- Input
--- START ---

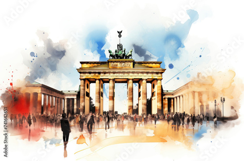 Watercolor illustration of Berlins Brandenburg Gate with crowds
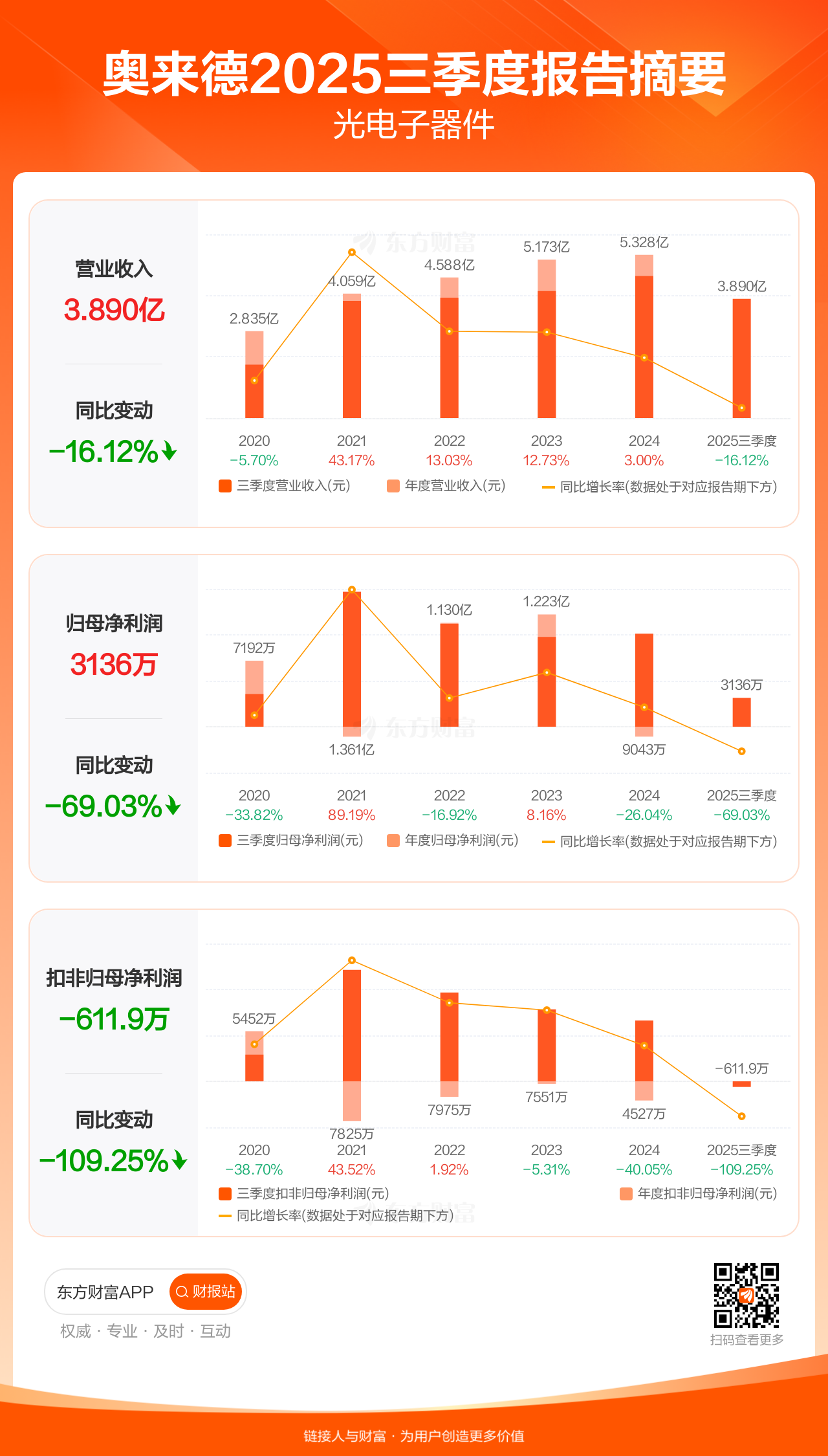 奥来德10月31日发布2025年三季报显示,公司前三季实现营业收入3.89亿元,同比下滑16.12%;归母净利润3135.61万元,同比下滑69.03%;扣非归母净利润-611.89万元。
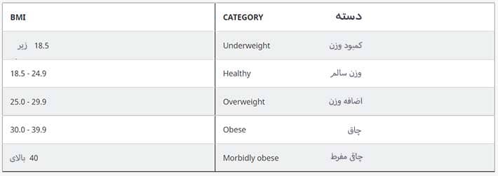 - شاخص توده بدنی در محدوده 18-24.9 بهینه در نظر گرفته می شود.(18 <= BMI <= 24.9)
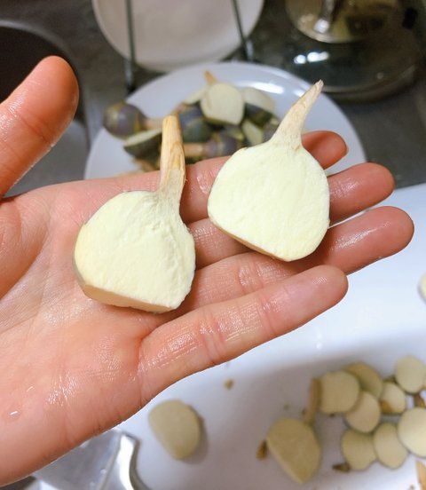 잘라보면 전분끼가 가득한 하얀 속이 예쁘다. 꼭 바닐라 볼 같은^^
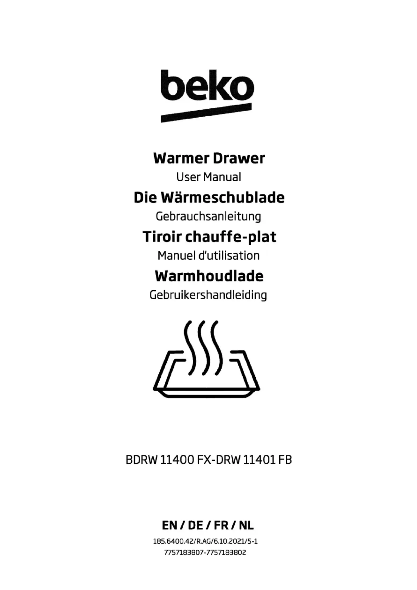 BDRW 11400 FX - Tiroir et armoire chauffants BEKO - Notice d'utilisation et mode d'emploi gratuit
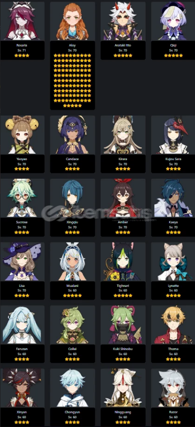 60 AR Hesap(EU)Jean SkinKeqing SkinBarbara SkinKaeya SkinLisa SkinFischl SkinNingguang SkinC4 JeanC2 QiqiC1 KeqingC1 DillucC1 KokomiR2 Amos BowC6 XianglingC5 BennettC6 DionaC6 YanfeiC6 FischlC5 RosariaC6 SucroseC1 LisaC6 Kujou SaraC6 CandaceC1 AmberC6 NingguangC6 BarbaraC6 BeidouC6 NoelleC6 SayuC5 Kaeya (!)C6 RazorC6 ThomaC5 Gorou19M MoraDeğerli olanları yazdım diğerlerinde de cons varda 2 3 4 arası o yüzden yazmadım c6 olanları yazdım genellikleHesap...

--- END ---

- Exercise details
The data above must be given back verbatim, minus its images.

- Reply
 Watercolor illustration of Berlins Brandenburg Gate with crowds
 奥来德10月31日发布2025年三季报显示,公司前三季实现营业收入3.89亿元,同比下滑16.12%;归母净利润3135.61万元,同比下滑69.03%;扣非归母净利润-611.89万元。
 - شاخص توده بدنی در محدوده 18-24.9 بهینه در نظر گرفته می شود.(18 <= BMI <= 24.9)
 잘라보면 전분끼가 가득한 하얀 속이 예쁘다. 꼭 바닐라 볼 같은^^
 BDRW 11400 FX - Tiroir et armoire chauffants BEKO - Notice d'utilisation et mode d'emploi gratuit
 60 AR Hesap(EU)Jean SkinKeqing SkinBarbara SkinKaeya SkinLisa SkinFischl SkinNingguang SkinC4 JeanC2 QiqiC1 KeqingC1 DillucC1 KokomiR2 Amos BowC6 XianglingC5 BennettC6 DionaC6 YanfeiC6 FischlC5 RosariaC6 SucroseC1 LisaC6 Kujou SaraC6 CandaceC1 AmberC6 NingguangC6 BarbaraC6 BeidouC6 NoelleC6 SayuC5 Kaeya (!)C6 RazorC6 ThomaC5 Gorou19M MoraDeğerli olanları yazdım diğerlerinde de cons varda 2 3 4 arası o yüzden yazmadım c6 olanları yazdım genellikleHesap...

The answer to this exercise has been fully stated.